<h1> Document Vector Embeddings </h1>

Initial experiment will be perfomed based on the experiment by Sugathadasa et al. [https://arxiv.org/pdf/1805.10685.pdf]

<h2> Text Preprocessing </h2>

First step is to create a <i> document corpus </i> which is a subset of most important sentences in each document. We can do that by implementing the <i> PageRank </i> algorithm. Before we do that, we need to preprocess the document by cleaning the text of unwanted charachters and common words. We used lemmatization and case-folding to lowercase as first steps in cleaning the documents. 

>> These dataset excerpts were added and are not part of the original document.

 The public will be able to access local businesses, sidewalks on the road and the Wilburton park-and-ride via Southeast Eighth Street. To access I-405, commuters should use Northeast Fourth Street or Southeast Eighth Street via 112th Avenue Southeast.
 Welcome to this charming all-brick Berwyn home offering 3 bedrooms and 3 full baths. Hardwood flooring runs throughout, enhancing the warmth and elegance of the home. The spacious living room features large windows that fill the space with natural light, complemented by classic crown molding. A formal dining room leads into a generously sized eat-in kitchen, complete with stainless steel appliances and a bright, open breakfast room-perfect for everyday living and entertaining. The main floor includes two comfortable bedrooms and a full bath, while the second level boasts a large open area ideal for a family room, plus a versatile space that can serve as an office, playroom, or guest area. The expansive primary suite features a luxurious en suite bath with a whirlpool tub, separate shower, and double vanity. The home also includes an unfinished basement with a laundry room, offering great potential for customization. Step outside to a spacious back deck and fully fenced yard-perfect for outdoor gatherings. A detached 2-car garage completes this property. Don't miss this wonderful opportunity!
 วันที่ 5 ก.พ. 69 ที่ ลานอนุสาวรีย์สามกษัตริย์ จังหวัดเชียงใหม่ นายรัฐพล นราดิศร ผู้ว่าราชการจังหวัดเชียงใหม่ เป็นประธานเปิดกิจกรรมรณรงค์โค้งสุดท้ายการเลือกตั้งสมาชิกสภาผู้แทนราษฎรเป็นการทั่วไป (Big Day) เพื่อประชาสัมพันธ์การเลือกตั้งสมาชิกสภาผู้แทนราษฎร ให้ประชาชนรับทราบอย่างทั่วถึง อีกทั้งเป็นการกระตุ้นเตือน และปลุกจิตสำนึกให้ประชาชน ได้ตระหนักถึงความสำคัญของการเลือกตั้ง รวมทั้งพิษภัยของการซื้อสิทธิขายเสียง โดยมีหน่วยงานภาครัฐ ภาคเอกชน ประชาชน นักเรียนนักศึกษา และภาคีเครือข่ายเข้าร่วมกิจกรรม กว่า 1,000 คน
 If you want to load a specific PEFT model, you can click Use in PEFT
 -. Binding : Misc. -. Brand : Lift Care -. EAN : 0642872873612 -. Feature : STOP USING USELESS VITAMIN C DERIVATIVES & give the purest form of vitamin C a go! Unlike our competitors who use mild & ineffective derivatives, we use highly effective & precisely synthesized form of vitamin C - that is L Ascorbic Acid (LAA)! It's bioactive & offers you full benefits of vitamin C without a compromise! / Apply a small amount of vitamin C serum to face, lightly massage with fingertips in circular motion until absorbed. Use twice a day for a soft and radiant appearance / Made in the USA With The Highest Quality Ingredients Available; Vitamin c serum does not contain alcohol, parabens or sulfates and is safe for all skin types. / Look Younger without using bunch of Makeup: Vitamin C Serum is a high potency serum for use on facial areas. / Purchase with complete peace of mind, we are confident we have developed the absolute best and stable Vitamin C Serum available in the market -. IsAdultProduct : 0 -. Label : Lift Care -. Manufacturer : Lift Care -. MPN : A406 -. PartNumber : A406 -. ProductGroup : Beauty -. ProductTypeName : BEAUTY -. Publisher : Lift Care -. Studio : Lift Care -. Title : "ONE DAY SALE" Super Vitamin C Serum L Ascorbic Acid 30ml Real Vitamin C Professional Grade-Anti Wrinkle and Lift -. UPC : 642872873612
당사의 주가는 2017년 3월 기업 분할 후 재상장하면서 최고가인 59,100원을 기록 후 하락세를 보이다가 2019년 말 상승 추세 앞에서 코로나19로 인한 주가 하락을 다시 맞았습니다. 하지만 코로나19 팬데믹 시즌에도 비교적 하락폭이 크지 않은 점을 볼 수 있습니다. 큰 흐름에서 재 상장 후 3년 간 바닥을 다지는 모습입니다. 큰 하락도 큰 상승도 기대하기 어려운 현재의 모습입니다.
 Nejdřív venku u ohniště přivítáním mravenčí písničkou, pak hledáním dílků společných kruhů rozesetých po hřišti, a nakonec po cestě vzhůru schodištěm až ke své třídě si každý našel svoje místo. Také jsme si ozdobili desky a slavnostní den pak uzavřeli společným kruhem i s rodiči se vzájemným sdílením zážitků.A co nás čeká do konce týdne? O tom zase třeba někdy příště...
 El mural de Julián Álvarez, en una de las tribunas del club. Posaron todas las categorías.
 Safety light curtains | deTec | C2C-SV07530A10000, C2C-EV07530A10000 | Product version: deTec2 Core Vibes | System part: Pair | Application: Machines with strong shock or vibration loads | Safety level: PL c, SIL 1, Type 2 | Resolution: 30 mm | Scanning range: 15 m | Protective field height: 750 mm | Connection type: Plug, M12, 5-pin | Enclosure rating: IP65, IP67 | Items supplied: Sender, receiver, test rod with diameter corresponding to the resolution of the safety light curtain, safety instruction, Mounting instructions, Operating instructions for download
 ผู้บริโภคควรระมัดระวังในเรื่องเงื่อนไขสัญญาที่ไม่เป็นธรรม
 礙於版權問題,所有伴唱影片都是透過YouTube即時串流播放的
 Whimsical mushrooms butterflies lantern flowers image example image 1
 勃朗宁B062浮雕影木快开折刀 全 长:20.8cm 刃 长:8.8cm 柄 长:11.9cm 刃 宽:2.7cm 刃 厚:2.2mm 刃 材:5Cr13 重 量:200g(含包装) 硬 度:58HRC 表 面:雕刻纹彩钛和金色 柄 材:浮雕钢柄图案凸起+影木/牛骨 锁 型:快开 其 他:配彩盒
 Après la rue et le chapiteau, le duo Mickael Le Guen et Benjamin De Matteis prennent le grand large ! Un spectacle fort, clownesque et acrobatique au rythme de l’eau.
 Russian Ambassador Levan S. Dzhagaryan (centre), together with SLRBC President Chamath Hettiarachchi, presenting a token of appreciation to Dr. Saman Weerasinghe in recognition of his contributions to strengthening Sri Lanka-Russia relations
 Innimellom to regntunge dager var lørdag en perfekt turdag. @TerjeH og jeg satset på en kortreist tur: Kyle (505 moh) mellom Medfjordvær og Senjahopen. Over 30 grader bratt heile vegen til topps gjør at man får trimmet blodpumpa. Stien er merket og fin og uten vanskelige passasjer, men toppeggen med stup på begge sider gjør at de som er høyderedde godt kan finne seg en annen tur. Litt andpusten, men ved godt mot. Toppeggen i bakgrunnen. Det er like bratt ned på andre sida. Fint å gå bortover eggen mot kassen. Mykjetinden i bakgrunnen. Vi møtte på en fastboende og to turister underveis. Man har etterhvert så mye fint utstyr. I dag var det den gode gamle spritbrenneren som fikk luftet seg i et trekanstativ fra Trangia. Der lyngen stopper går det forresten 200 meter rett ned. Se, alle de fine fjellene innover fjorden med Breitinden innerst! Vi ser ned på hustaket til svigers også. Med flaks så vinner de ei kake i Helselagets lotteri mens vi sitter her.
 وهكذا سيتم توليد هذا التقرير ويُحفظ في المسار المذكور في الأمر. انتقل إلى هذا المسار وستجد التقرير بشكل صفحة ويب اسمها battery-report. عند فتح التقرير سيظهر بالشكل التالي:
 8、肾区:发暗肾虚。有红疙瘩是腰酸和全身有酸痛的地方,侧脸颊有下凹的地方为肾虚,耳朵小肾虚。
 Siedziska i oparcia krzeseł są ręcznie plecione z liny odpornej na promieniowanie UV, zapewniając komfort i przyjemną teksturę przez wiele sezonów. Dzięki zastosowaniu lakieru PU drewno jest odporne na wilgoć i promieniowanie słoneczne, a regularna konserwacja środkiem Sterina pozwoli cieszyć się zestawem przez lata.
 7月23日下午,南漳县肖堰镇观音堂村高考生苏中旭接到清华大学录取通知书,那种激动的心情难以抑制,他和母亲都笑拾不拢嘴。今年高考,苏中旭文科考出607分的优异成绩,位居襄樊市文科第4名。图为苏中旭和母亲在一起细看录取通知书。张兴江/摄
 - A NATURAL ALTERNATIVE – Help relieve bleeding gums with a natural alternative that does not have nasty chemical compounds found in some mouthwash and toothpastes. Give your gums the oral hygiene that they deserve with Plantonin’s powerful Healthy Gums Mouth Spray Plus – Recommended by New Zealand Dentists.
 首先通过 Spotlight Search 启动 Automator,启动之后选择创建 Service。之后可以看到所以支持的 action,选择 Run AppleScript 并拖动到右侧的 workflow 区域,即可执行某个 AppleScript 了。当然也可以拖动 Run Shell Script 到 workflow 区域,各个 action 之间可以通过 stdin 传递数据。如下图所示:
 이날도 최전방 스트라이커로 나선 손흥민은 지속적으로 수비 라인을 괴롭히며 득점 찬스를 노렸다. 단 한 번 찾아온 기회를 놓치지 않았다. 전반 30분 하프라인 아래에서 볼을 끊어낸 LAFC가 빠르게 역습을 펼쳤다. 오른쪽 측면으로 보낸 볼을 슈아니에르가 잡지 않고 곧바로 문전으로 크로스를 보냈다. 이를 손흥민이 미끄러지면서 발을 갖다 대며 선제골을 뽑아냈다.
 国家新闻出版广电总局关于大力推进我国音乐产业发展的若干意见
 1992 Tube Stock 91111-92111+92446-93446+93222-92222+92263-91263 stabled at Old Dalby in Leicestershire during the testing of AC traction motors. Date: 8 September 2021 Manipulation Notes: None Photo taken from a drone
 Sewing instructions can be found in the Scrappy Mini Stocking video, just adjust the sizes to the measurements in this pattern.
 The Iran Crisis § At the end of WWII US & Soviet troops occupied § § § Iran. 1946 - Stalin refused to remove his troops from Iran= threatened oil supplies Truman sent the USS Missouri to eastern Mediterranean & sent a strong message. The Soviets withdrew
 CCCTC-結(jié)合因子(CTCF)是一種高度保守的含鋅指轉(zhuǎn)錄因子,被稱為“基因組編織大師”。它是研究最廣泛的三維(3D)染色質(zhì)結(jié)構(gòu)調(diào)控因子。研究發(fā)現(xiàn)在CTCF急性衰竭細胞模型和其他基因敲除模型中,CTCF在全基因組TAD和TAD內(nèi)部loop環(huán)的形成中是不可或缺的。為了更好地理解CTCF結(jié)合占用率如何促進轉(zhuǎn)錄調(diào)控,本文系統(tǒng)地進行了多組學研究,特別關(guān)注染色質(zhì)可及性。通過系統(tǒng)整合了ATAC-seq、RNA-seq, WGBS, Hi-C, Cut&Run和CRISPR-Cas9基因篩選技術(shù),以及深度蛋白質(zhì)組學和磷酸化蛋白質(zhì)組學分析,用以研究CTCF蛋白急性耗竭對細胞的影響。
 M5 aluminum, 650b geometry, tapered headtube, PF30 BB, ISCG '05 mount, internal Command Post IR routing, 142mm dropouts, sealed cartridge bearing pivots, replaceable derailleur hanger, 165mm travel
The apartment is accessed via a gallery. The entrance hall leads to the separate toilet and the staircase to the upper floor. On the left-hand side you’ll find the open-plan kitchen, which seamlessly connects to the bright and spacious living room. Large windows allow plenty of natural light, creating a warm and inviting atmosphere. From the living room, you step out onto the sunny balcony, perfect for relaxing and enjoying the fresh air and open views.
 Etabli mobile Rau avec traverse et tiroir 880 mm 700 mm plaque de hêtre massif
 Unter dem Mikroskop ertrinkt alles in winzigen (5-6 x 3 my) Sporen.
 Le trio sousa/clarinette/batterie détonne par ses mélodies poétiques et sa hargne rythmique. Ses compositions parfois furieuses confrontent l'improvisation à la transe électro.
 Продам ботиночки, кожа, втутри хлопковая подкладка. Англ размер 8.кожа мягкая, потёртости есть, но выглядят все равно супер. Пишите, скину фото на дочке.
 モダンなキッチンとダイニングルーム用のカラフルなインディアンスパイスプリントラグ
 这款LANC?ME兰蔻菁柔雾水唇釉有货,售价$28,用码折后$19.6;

<h5> Required libraries </h5>


In [9]:
# !pip install requests

In [71]:
import requests
from sklearn.feature_extraction.text import TfidfVectorizer
from nltk.stem import WordNetLemmatizer
from nltk.tokenize import word_tokenize
import spacy
import nltk.data
import pandas as pd

tokenizer = nltk.data.load('tokenizers/punkt/english.pickle')

In [6]:
# URL for CourtListener data

URL = "https://www.courtlistener.com/api/rest/v3/opinions/1"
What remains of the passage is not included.